With the roll out of UPI or Unified Payments Interface, in 2016, the digital payment landscape of India grew significantly. UPI is an instant real-time payment system which facilitates inter-bank transfer without the hassle of adding beneficiary account details. Developed to accept payments 24×7 for all 365 days a year, UPI allows you to accept digital payments through a Unique Virtual ID or a QR Code.
According to NPCI, UPI has recorded a massive 2.21 billion in transaction volume in November 2020 with some of the most used mobile applications functioning over UPI platform being BHIM, Google Pay, Paytm, PhonePe and WhatsApp Payments.
How Mobile Payment Service functions in the Indian landscape?
According to a recent report from KPMG, non-cash transactions are predicted to cultivate a growth of 20 percent by 2023, expecting much of this growth to be driven by mobile. Post the government’s cash crunch of 2016, which put all the high-denomination notes out of circulation overnight and forced the masses to resort to digital payment methods, led to a very big learning experience for the entire country.
Nevertheless, the growth of mobile payment options like UPI and IMPS grew significantly. Rapid smartphone growth receiving a boost from the telecom companies providing inexpensive 4G tariff plans, also added fuel to the fire. This led to a massive leap in UPI usage in 2016, estimated to jump from 103,000 transactions to 1.97 million in a matter of three months, which later grew significantly and crossed the 900-million mark.
While this development sounds striking, the industry consensus still holds digital payments accountable for merely 10 to 15% of all retail merchant transactions, with mobile payments still playing a second fiddle to credit and debit cards when measured in terms of value. Not more than a quarter of Indians own smartphones enriched with the capabilities to use mobile banking applications or other payment services like Paytm or Google Pay.
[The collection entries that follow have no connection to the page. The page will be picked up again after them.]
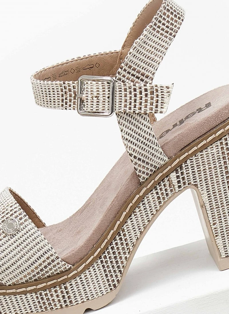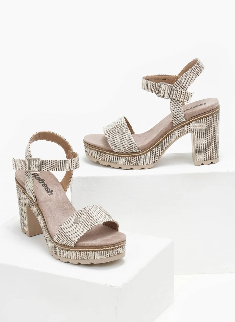 Πέδιλα Refresh. Έχουν πλεκτό σχέδιο ψάθα. Δένουν με μπαρέτα στο ύψος του αστραγάλου. Διακριτικό μεταλλικό στοιχείο στη φάσα. Ψηλό χοντρό τακούνι. Πάτος από suede. Peta vegan approved.
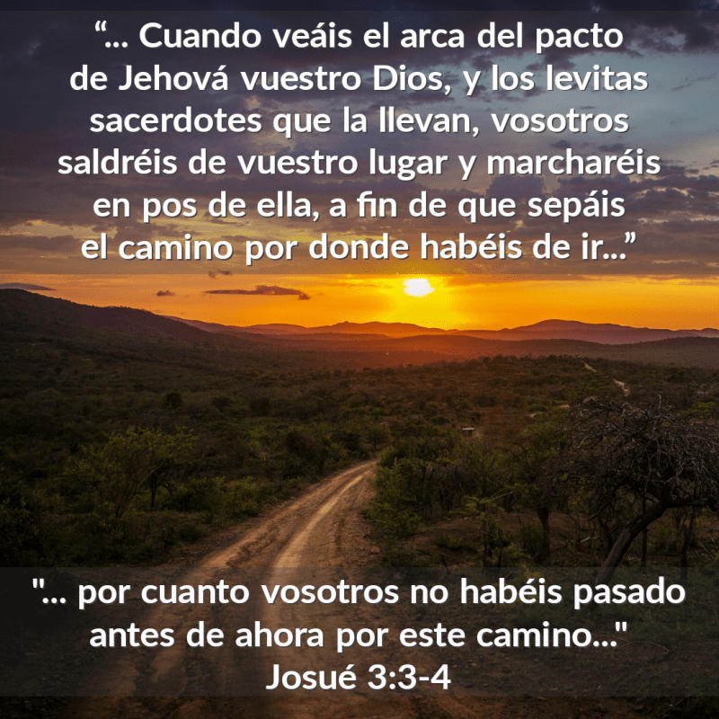 “Josué se levantó de mañana, y él y todos los hijos de Israel partieron de Sitim y vinieron hasta el Jordán, y reposaron allí antes de pasarlo. Y después de tres días, los oficiales recorrieron el campamento, y mandaron al pueblo, diciendo: Cuando veáis el arca del pacto de Jehová vuestro Dios, y los levitas sacerdotes que la llevan, vosotros saldréis de vuestro lugar y marcharéis en pos de ella, a fin de que sepáis el camino por donde habéis de ir; por cuanto vosotros no habéis pasado antes de ahora por este camino. Pero entre vosotros y ella haya distancia como de dos mil codos; no os acercaréis a ella.”
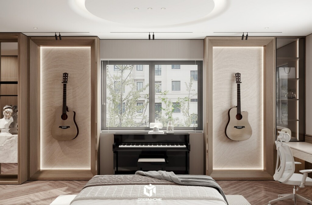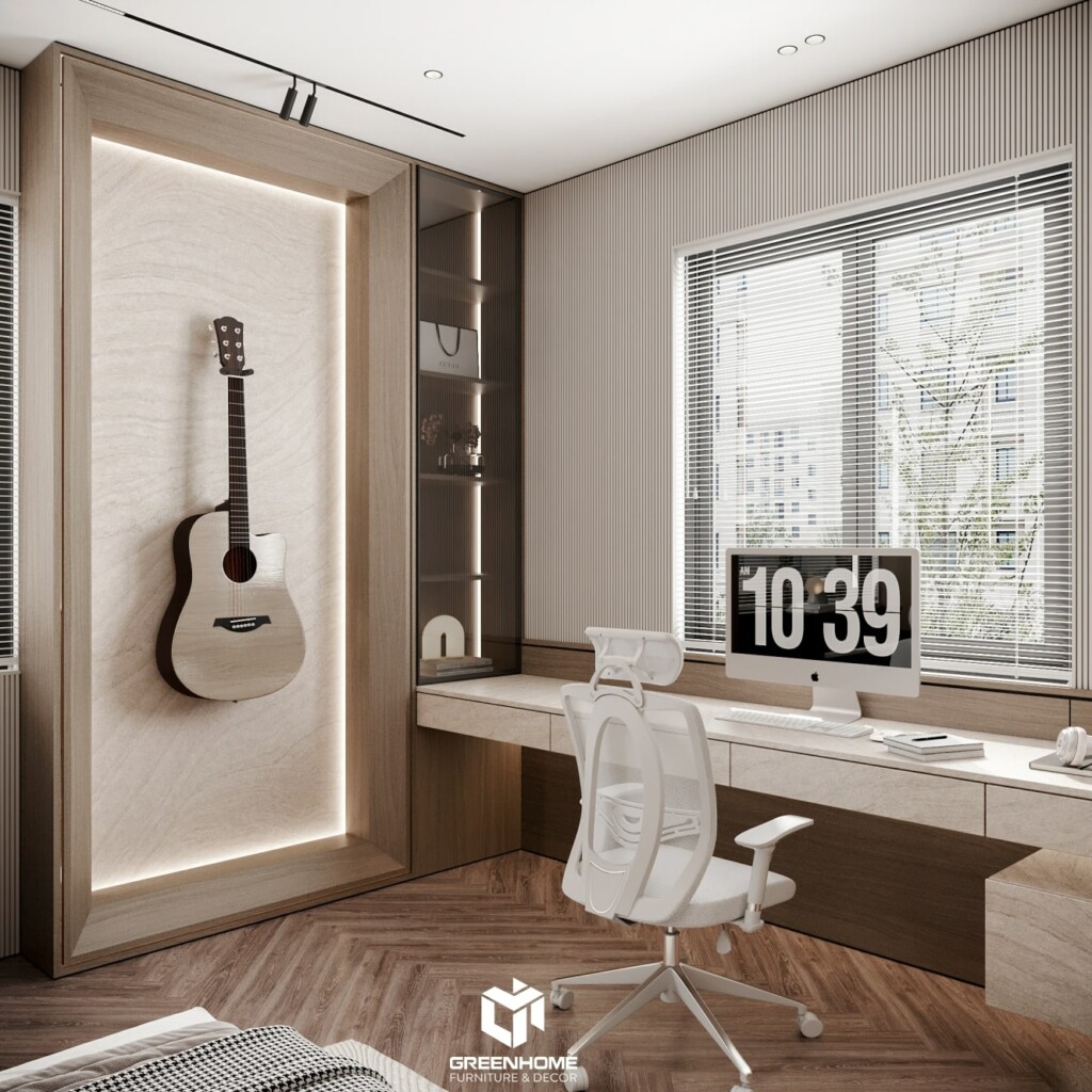 Góc làm việc được thiết kế theo phong cách hiện đại, tối giản nhưng vẫn đầy đủ tiện nghi. Ánh sáng tự nhiên tràn ngập qua ô cửa sổ lớn, kết hợp cùng gam màu trung tính tạo nên không gian làm việc lý tưởng, thư giãn. Chiếc ghế công thái học giúp tăng sự thoải mái, trong khi guitar treo tường lại mang đến điểm nhấn nghệ thuật cá tính. Đối diện đó, không gian tủ đồ được bố trí âm tường với hệ cửa kính sọc mờ sang trọng, vừa đảm bảo sự riêng tư vừa tạo cảm giác rộng thoáng. Từng chi tiết đều thể hiện gu thẩm mỹ tinh tế và đẳng cấp của gia chủ.

However, the key challenge that the mobile payment service faces isn’t just limited to getting the services in the customer’s hand. There is a crucial need to develop ‘super-apps’ which provides a gateway to availing multiple services, thereby enhancing customer experience which was formerly limited to the same. As quoted by KPMG’s Mr. Jain “There is a clear incentive for people to use super apps and there is a clear incentive for the ecosystem to adapt to them.”